July 26th, 2011· Process Explorer v15.01: This update adds the ability to select a custom graph background color, adds paged and nonpaged pool quota columns to the process view, fixes incorrect information on the disk and network process properties dialog on 32-bit Windows, and fixes a GPU tray icon bug.

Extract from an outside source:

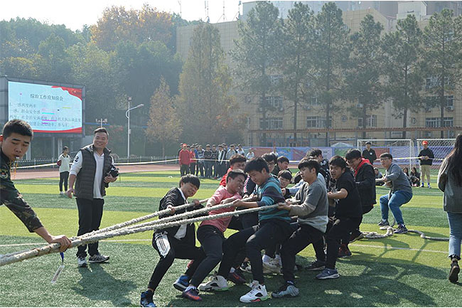 校园网消息(小记者 李蓉 责任编辑 李雄涛 姚思)为丰富校园生活,发扬团队精神,增强班级凝聚力,促进班级之间的交流,武汉市供销商业学校于2018年11月27日举行秋季“雅商杯”拔河比赛。本次比赛由校团委主办,艺体教研室和教官团队联合组织,共有12支班级代表队参加,各班每队由16人组成,分为男子队(16男),女子队(16女)和混合队(8男8女)。

· TCPView v3.05: This update fixes a bug when sorting by the state column.
July 19th, 2011Process Explorer v15.0:
· Process Explorer v15 celebrates the release of the Sysinternals Administrator Reference and the upcoming 15th anniversary of Sysinternals. This major update to Process Explorer, a powerful tool for inspecting and controlling processes, threads, loaded DLLs, and more, adds GPU utilization and memory monitoring on Vista and higher. It also adds the ability to restart services, has a smaller memory footprint, and has visually cleaner performance graphs.
ListDLLs v3.1:
· ListDLLs, a command-line utility for listing and searching for loaded DLLs, now dumps full file version information, including digital signatures. It also adds a new option designed to aid in malware hunting that filters output to include only unsigned DLLs.
FindLinks v1.0:
· This new command-line utility lists the hard links associated with a specified file.
May 19th, 2011VMMap v3.1:
· VMMap, a process virtual and physical memory analyzer, now shows the ASLR status of images and reports “unusable” virtual memory regions.
RAMMap v1.11:
· This update to RAMMap, a system memory usage analyzer, adds command-line options for loading files and exporting scans, creates a file association and fixes several bugs
· Handle v3.46: This update has Handle use the same helper driver as Process Explorer.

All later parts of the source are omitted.